記憶クラスには、4つあり、自動、静的、外部、レジスタがあります。
重要:変数は目的により記憶クラスを使い分ける。
自動変数のことを局所変数、外部変数のことをグローバル変数(大域変数)ともいいます。
Cは関数型の言語です。何かの処理は関数の実行に伴って行われます。自動変数は関数の中で宣言され、実行時にスタックに割り当てられます。関数から抜けると、消滅します(コンパイラによっては、レジスタに割り付けを試みるものもあります。)。スタックはメモリを一時的にしまうところで、後にしまったものほど、先に取り出されます(後入れ先出し)。レジスタはCPUが演算対象のデータや結果を一時的にしまう場所で、もし、頻繁に出てくる変数をレジスタに割り付けられれば、プログラムの実行速度が速くなります。
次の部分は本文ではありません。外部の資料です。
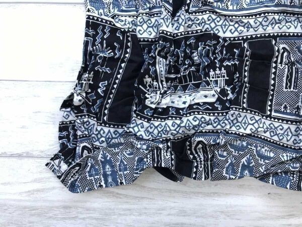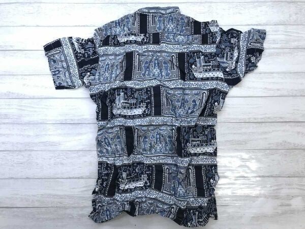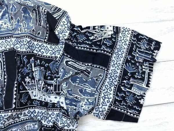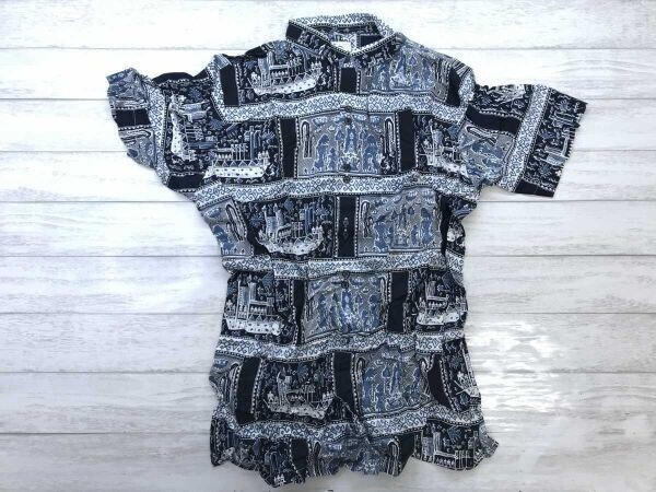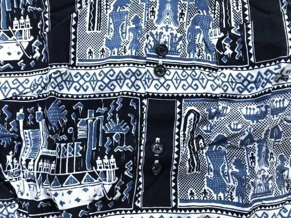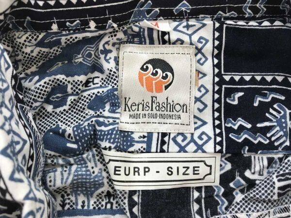 クリスファッション Keris Fashion オリエンタル インドネシア 民族エスニック 壁画風プリント 半袖 柄シャツ ガラシャツ M 紺白 です。

静的変数は、コンパイル時にメモリが割り当てられます。関数から抜けてもその値は保持され、その関数へ制御が戻って来た時に有効になります。プログラムの実行中常に存在し続けるので、静的といいます。
グローバル変数は、関数の外部で定義され、プログラム実行時に存在し続け、他の関数からもその値を読みとり書き込みすることができます。グローバル変数の使用は最小限に留めるべきです。プログラムにバグがあった時、プログラムのどの関数が値を書き換えているか、わかりづらくなるからです。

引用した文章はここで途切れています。